● **Supplied information**
○ ○ ○ ○

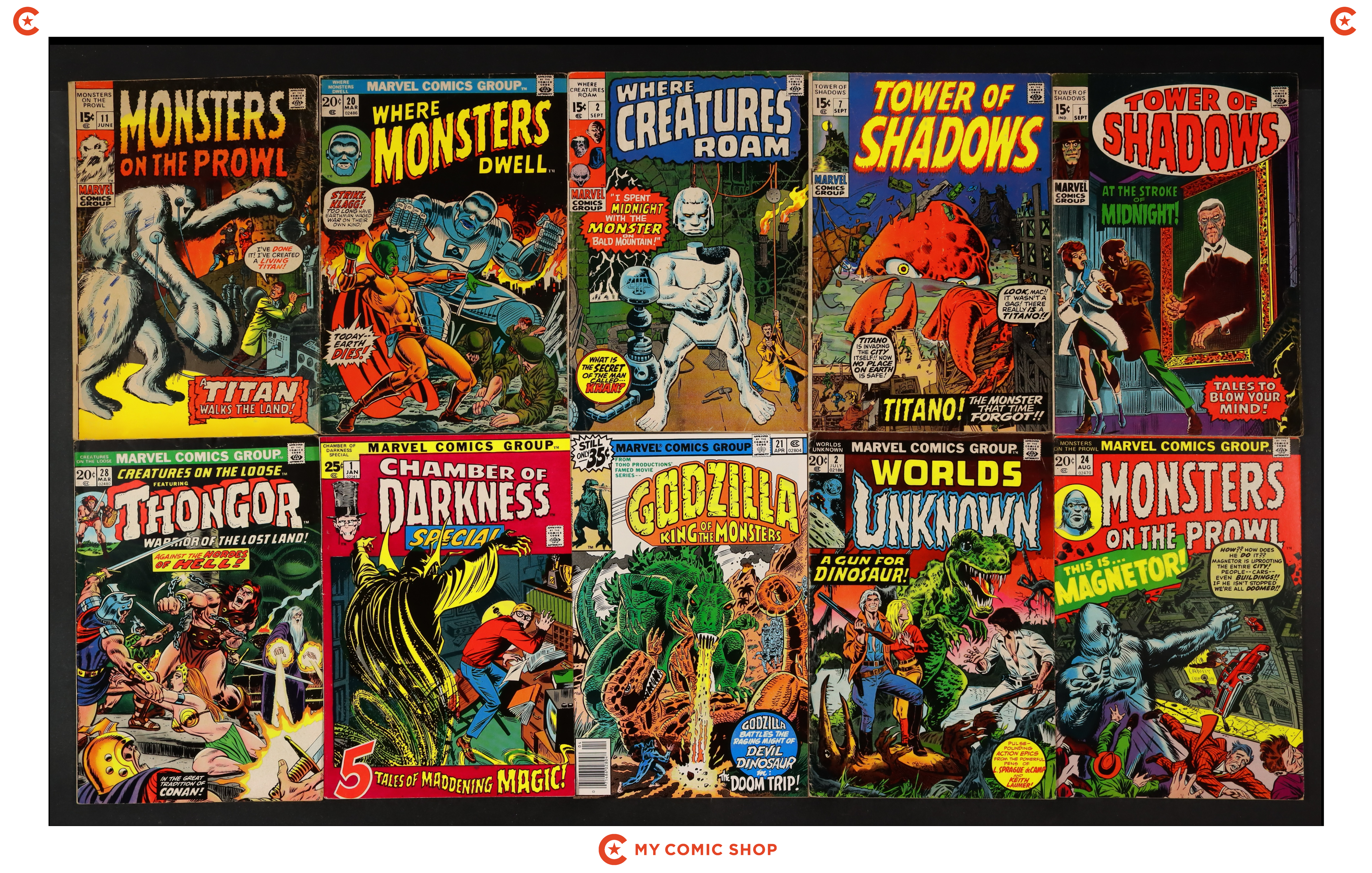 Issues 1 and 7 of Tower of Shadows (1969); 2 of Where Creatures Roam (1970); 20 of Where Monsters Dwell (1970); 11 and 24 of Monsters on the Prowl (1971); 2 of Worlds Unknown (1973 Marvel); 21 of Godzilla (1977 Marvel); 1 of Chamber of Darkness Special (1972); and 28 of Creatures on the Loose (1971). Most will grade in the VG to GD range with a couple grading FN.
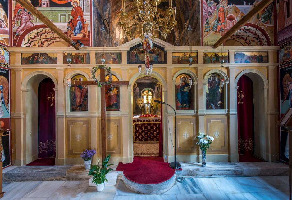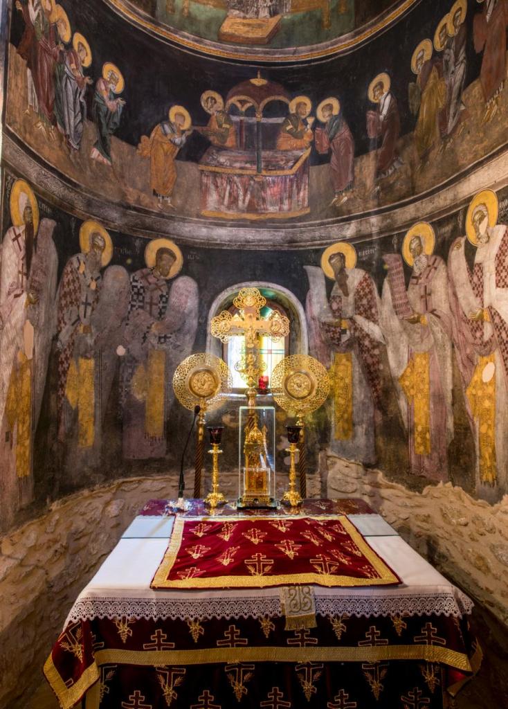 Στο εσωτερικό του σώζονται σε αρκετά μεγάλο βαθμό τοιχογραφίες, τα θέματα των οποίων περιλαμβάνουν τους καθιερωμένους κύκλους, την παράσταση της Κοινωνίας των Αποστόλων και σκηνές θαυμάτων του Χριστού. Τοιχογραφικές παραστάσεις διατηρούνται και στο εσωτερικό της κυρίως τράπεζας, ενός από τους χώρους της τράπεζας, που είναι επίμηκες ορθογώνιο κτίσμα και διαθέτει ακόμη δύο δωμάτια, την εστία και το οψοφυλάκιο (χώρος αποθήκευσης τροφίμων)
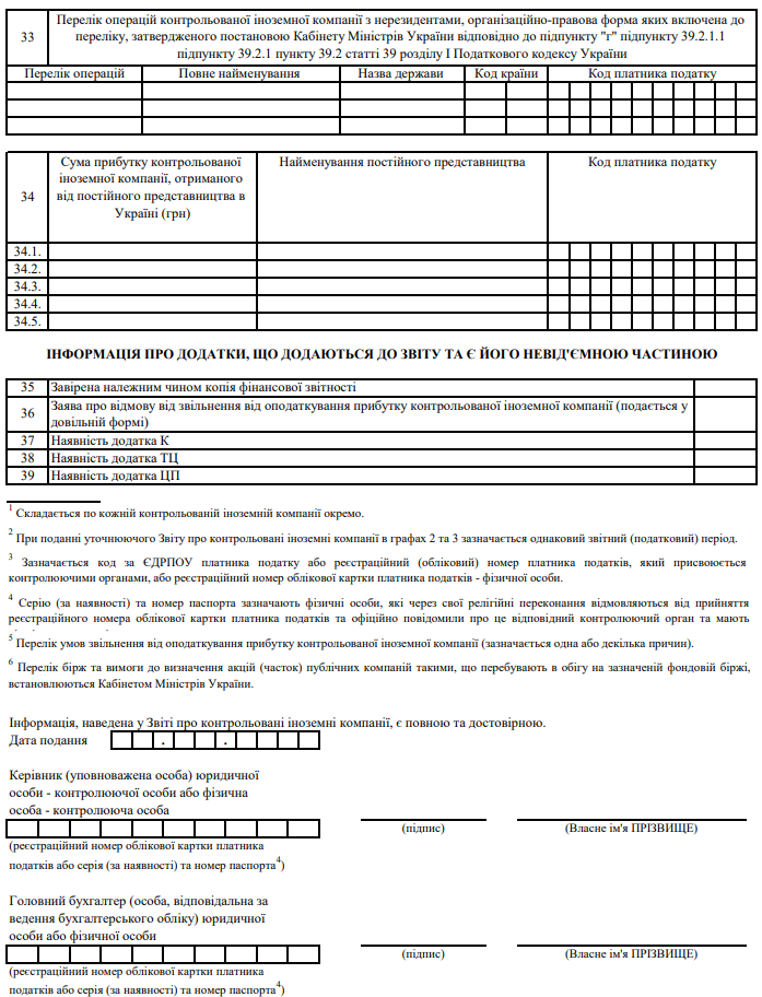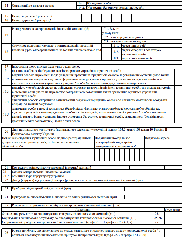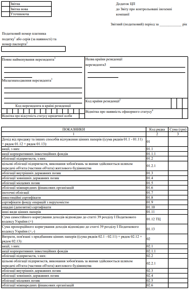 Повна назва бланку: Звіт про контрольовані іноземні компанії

○ ○ ○ ○

● **Task description**
Each line of the data above needs to be retyped as it is, without any picture.

● **Problem solution**
 Issues 1 and 7 of Tower of Shadows (1969); 2 of Where Creatures Roam (1970); 20 of Where Monsters Dwell (1970); 11 and 24 of Monsters on the Prowl (1971); 2 of Worlds Unknown (1973 Marvel); 21 of Godzilla (1977 Marvel); 1 of Chamber of Darkness Special (1972); and 28 of Creatures on the Loose (1971). Most will grade in the VG to GD range with a couple grading FN.
 Στο εσωτερικό του σώζονται σε αρκετά μεγάλο βαθμό τοιχογραφίες, τα θέματα των οποίων περιλαμβάνουν τους καθιερωμένους κύκλους, την παράσταση της Κοινωνίας των Αποστόλων και σκηνές θαυμάτων του Χριστού. Τοιχογραφικές παραστάσεις διατηρούνται και στο εσωτερικό της κυρίως τράπεζας, ενός από τους χώρους της τράπεζας, που είναι επίμηκες ορθογώνιο κτίσμα και διαθέτει ακόμη δύο δωμάτια, την εστία και το οψοφυλάκιο (χώρος αποθήκευσης τροφίμων)
 Повна назва бланку: Звіт про контрольовані іноземні компанії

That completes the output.